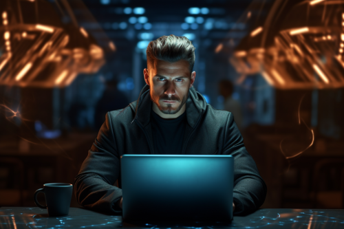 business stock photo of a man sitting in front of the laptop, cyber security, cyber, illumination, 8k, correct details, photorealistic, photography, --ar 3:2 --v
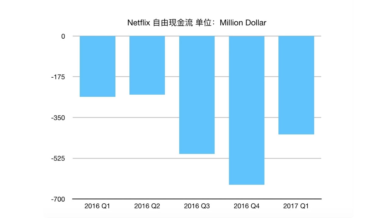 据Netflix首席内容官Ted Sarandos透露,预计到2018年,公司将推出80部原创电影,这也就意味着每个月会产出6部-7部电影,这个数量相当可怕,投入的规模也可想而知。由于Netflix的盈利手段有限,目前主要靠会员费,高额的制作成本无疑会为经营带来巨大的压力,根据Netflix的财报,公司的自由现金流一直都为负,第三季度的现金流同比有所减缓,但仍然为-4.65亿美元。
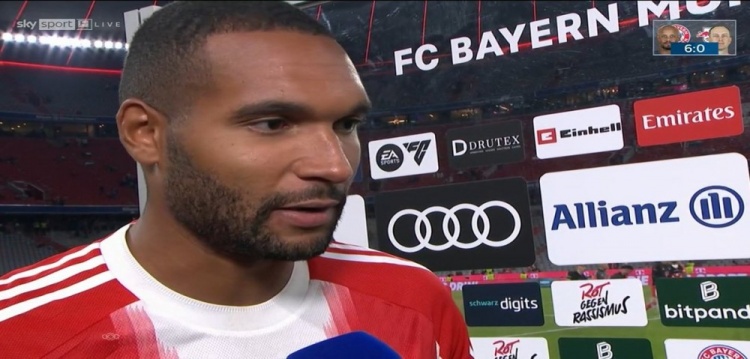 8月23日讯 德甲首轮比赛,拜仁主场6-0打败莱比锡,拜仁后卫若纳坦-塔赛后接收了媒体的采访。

→ **TASK DESCRIPTION**: With images left out, the data must be transcribed exactly.

→ **OUTPUT OF THE EXERCISE**:
 business stock photo of a man sitting in front of the laptop, cyber security, cyber, illumination, 8k, correct details, photorealistic, photography, --ar 3:2 --v
 据Netflix首席内容官Ted Sarandos透露,预计到2018年,公司将推出80部原创电影,这也就意味着每个月会产出6部-7部电影,这个数量相当可怕,投入的规模也可想而知。由于Netflix的盈利手段有限,目前主要靠会员费,高额的制作成本无疑会为经营带来巨大的压力,根据Netflix的财报,公司的自由现金流一直都为负,第三季度的现金流同比有所减缓,但仍然为-4.65亿美元。
 8月23日讯 德甲首轮比赛,拜仁主场6-0打败莱比锡,拜仁后卫若纳坦-塔赛后接收了媒体的采访。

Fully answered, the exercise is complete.